• [Supplied data]
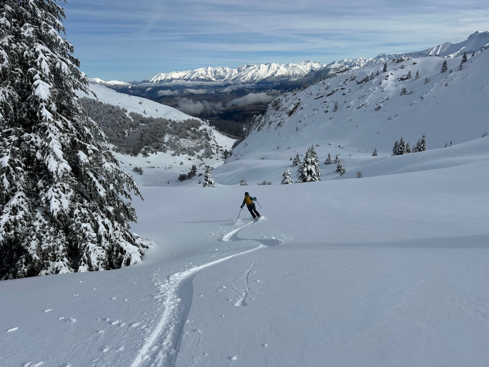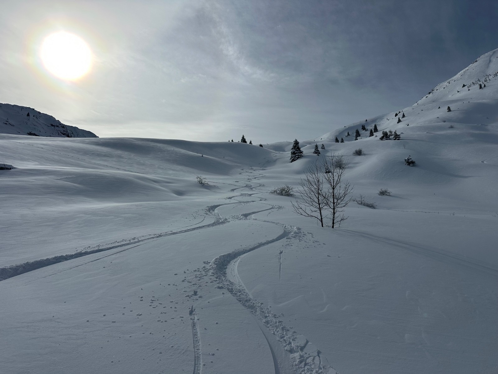 Itinéraire suivi : le risque d’avalanche et la courte fenêtre météo annoncés ( et un réveil tardif, hum)nous font choisir cette rando dans des pentes débonnaires, en évitant d’aller tutoyer les aplombs du Jocou ou du Larchat. Nous montons avec JL par l’ancien chemin, jusqu’à la station, puis le vallon par le milieu. Au Col, peu de neige, durcie par le vent, nous montons jusqu’aux rochers en versant est. La (courte) descente par l’itinéraire de montée est… fabuleuse !
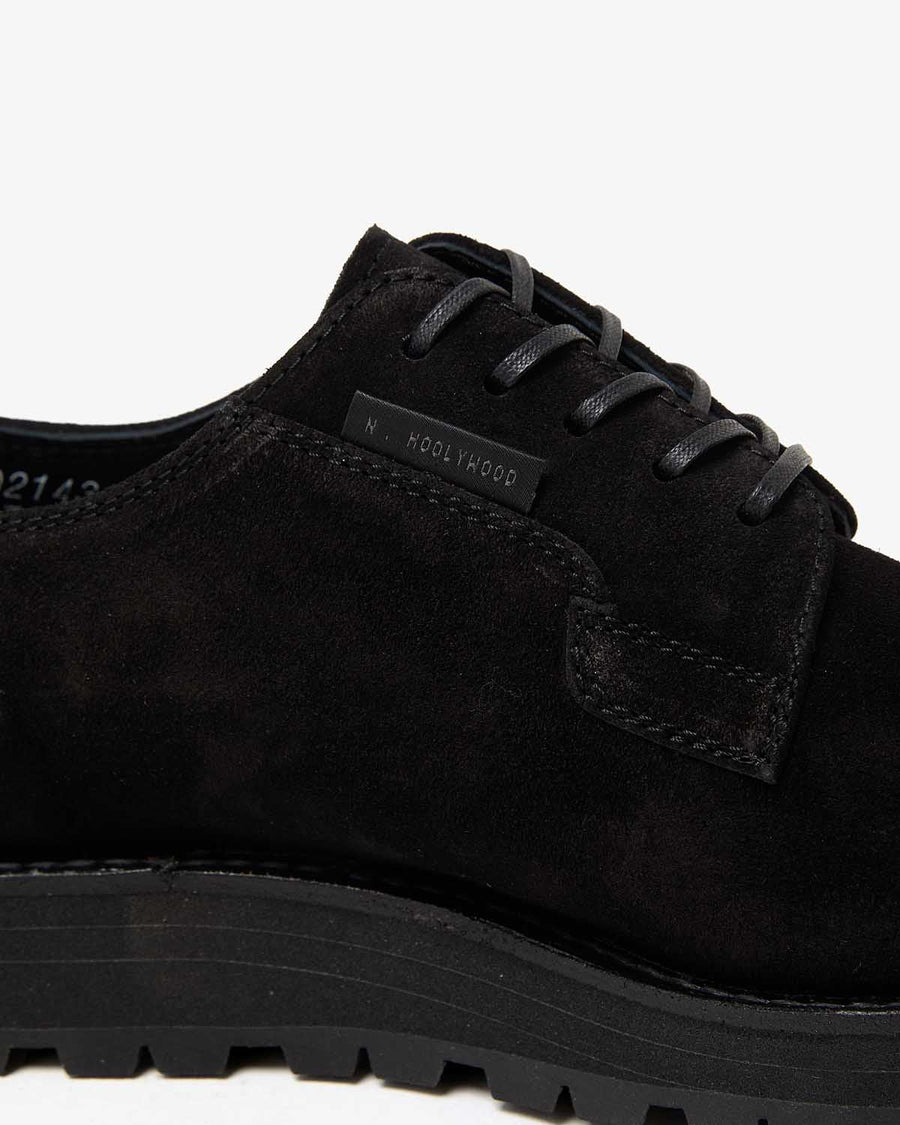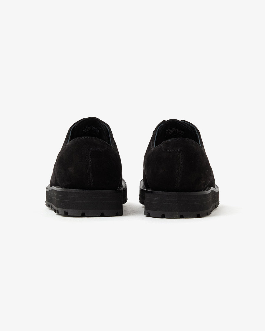 Classic postman shoes reimagined in Japan with Italian suede, rugged stitching, waxed laces, Vibram soles, and N.HOOLYWOOD COMPILE detailing.
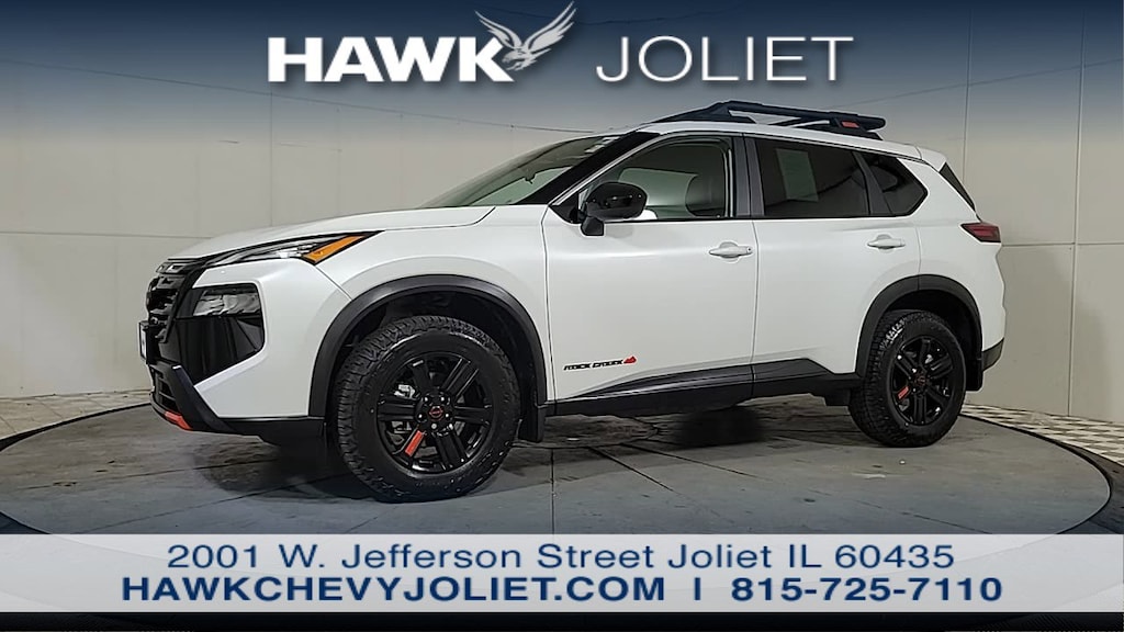 2025 Nissan Rogue Rock CreekEverest White Pearl 1.5L DOHC AWDCARFAX One-Owner.Come see this 2025 Nissan Rogue Rock Creek! It's the one you've been hoping for! This Rogue comes equipped with these options:AWD, Android Auto and Apple CarPlay, Auto High-beam Headlights, Automatic temperature control, Black Splash Guards (set of 4), Front dual zone A/C, Fully automatic headlights, Heated door mirrors, Heated front seats, Leatherette and Ballistic Nylon Seating with Contrast Stich and Rock Creek Logo, Power driver seat, Power Liftgate.Recent Arrival! 27/32 City/Highway MPGLooking for an affordable, reliable, new or used vehicle? If you've been looking at dealerships in Orland Park, Bolingbrook, or Naperville and not finding what you want, give us a try. We have a great selection of new, used, and Certified pre-owned cars and trucks on our lot, and we're sure there's one that will suit your needs. Whether it's a commuter car, family vehicle, or truck you're looking for, you'll find it here. And all of our used vehicles are inspected for quality and safety, so you can drive away with confidence. *Plus tax, title, license doc fee. With approved credit as determined by GM Financial. Dealer sponsored buy down rate may affect final selling price. $20,000 Max balance financed. See dealer for details. Ends 1/31/2026.

• [Task item] Nothing but the lines from the one containing "Classic postman shoes" through the last line of the listing should be copied, each word for word and without pictures.

• [Exercise answer]
 Classic postman shoes reimagined in Japan with Italian suede, rugged stitching, waxed laces, Vibram soles, and N.HOOLYWOOD COMPILE detailing.
 2025 Nissan Rogue Rock CreekEverest White Pearl 1.5L DOHC AWDCARFAX One-Owner.Come see this 2025 Nissan Rogue Rock Creek! It's the one you've been hoping for! This Rogue comes equipped with these options:AWD, Android Auto and Apple CarPlay, Auto High-beam Headlights, Automatic temperature control, Black Splash Guards (set of 4), Front dual zone A/C, Fully automatic headlights, Heated door mirrors, Heated front seats, Leatherette and Ballistic Nylon Seating with Contrast Stich and Rock Creek Logo, Power driver seat, Power Liftgate.Recent Arrival! 27/32 City/Highway MPGLooking for an affordable, reliable, new or used vehicle? If you've been looking at dealerships in Orland Park, Bolingbrook, or Naperville and not finding what you want, give us a try. We have a great selection of new, used, and Certified pre-owned cars and trucks on our lot, and we're sure there's one that will suit your needs. Whether it's a commuter car, family vehicle, or truck you're looking for, you'll find it here. And all of our used vehicles are inspected for quality and safety, so you can drive away with confidence. *Plus tax, title, license doc fee. With approved credit as determined by GM Financial. Dealer sponsored buy down rate may affect final selling price. $20,000 Max balance financed. See dealer for details. Ends 1/31/2026.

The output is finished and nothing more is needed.